* DATASET ENTRIES *
================================

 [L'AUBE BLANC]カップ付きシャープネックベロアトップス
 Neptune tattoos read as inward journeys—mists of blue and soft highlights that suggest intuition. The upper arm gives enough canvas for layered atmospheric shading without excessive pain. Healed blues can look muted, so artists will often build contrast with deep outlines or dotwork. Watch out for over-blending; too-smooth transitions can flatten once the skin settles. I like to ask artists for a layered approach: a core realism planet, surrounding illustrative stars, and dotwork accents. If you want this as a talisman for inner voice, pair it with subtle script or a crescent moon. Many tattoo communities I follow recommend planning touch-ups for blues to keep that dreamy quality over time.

================================

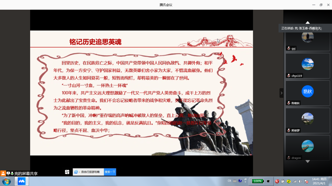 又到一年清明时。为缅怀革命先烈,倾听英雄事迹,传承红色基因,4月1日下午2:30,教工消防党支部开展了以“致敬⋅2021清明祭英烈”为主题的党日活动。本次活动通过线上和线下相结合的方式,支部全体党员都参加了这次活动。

================================

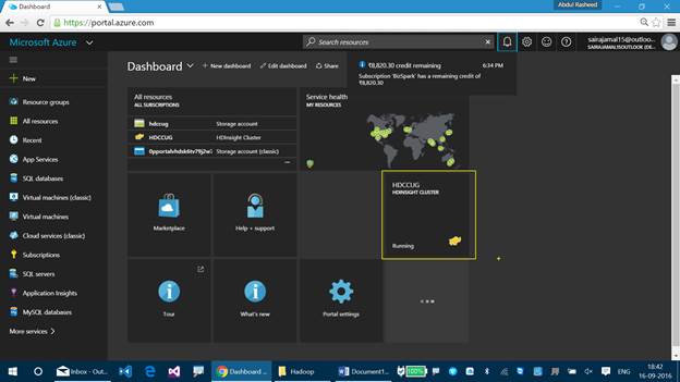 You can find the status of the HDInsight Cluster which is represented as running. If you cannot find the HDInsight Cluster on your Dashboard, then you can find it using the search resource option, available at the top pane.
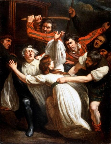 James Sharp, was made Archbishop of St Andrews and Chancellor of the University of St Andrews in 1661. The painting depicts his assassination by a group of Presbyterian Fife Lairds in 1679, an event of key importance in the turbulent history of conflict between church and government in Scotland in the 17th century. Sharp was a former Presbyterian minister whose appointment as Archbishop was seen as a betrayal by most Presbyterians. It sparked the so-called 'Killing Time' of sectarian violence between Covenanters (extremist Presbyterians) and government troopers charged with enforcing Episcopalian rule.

================================

* TASK BRIEF *
Quote the data above from the line containing "[L'AUBE BLANC]カップ付きシャープネックベロアトップス" to the line containing "Neptune tattoos read", inclusive, and stop.

* FINAL ANSWER *
 [L'AUBE BLANC]カップ付きシャープネックベロアトップス
 Neptune tattoos read as inward journeys—mists of blue and soft highlights that suggest intuition. The upper arm gives enough canvas for layered atmospheric shading without excessive pain. Healed blues can look muted, so artists will often build contrast with deep outlines or dotwork. Watch out for over-blending; too-smooth transitions can flatten once the skin settles. I like to ask artists for a layered approach: a core realism planet, surrounding illustrative stars, and dotwork accents. If you want this as a talisman for inner voice, pair it with subtle script or a crescent moon. Many tattoo communities I follow recommend planning touch-ups for blues to keep that dreamy quality over time.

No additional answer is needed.